Opción de Arrendamiento
Un arrendamiento que otorga al inquilino el derecho (pero no la obligación) de comprar la propiedad más adelante a un precio establecido; no es una venta real, por lo que aún no existe un pagaré hipotecario.
Una opción de arrendamiento es un acuerdo híbrido que combina un contrato de arrendamiento con una opción de compra de la propiedad durante o al final del plazo del arrendamiento. El ocupante es un inquilino, no un propietario, y tiene el derecho pero no la obligación de comprar a un precio (y en términos) acordados de antemano. Las opciones de arrendamiento suelen comercializarse como renta con opción de compra y se encuentran en el límite del mundo del financiamiento del vendedor; es importante entenderlas con precisión porque, a diferencia del financiamiento del propietario o un contrato de compraventa de terreno, una opción de arrendamiento no crea un pagaré hipotecario.
Cómo se estructura una opción de arrendamiento
- El arrendamiento establece la renta mensual y el plazo, como cualquier alquiler.
- La opción otorga al inquilino el derecho exclusivo de comprar a un precio fijo dentro de un plazo determinado, normalmente a cambio de una cuota de opción inicial, a menudo no reembolsable.
- Créditos de renta aplican a veces una parte de cada pago de renta al precio de compra futuro como incentivo.
Si el inquilino ejerce la opción, compra la propiedad, frecuentemente mediante financiamiento convencional o, a veces, nuevo financiamiento del vendedor en ese momento. Si no la ejerce, se retira (normalmente perdiendo la cuota de opción y cualquier crédito de renta), y el propietario conserva la propiedad.
Por qué esto importa para vendedores y compradores de pagarés
Como el inquilino no ha comprado la vivienda, no existe un pagaré ni un gravamen registrado para vender durante el período de la opción de arrendamiento. Un comprador de pagarés no puede adquirir un flujo de pagos que legalmente es renta, no reembolso de préstamo. Solo después de que se ejerza la opción y se realice una venta financiada real surge un pagaré vendible.

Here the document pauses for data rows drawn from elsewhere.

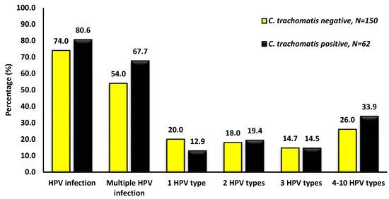 - Lu, Y.; Wu, Q.; Wang, L.; Ji, L. Chlamydia trachomatis enhances HPV persistence through immune modulation. BMC Infect. Dis. 2024, 24, 229. [Google Scholar] [CrossRef] [PubMed]
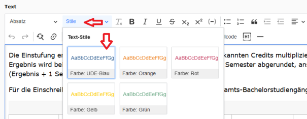 Man geht auf das Inhaltselement drauf und dann unter dem Reiter "Allgemein" geht man zum Rich-Text-Editor, wo man den Text stehen hat, wenn man den Text in einer anderen Farbe hervorheben möchte, geht man zum Bereich "Stile" und kann sich dort die entsprechende Farbe aussuchen. Ein Beispiel wäre zum Beispiel den Text in Blau hervorzuheben.
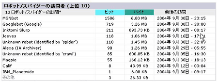 | ロボット/スパイダーの訪問者 | ロボットの訪問数を示します。 |

Esta distinción confunde a muchos vendedores potenciales. Si cree que posee un “pagaré” pero los documentos son un arrendamiento más una opción, lo que realmente tiene es un acuerdo de arrendador-inquilino, no una deuda hipotecaria. Para crear un pagaré vendible a partir de una relación de opción de arrendamiento, las partes deben cerrar una venta real: el comprador toma título, firma un pagaré y el vendedor registra una hipoteca o escritura de fideicomiso.
Advertencias legales
Algunos estados examinan las opciones de arrendamiento que funcionan como ventas encubiertas (plazos largos, cuotas de opción elevadas, créditos de renta importantes) y pueden reclasificarlas como ventas a plazos sujetas a normas de protección al consumidor y ejecución hipotecaria. Los arreglos de ocupante-propietario también pueden implicar la Ley Dodd-Frank si equivalen efectivamente a financiamiento. Si su objetivo es vender el papel eventualmente, una venta financiada limpia (con un RMLO cuando se requiera) produce un instrumento mucho más comercializable que una opción de arrendamiento.
Esta es información general, no asesoría legal; el tratamiento de las opciones de arrendamiento varía según el estado.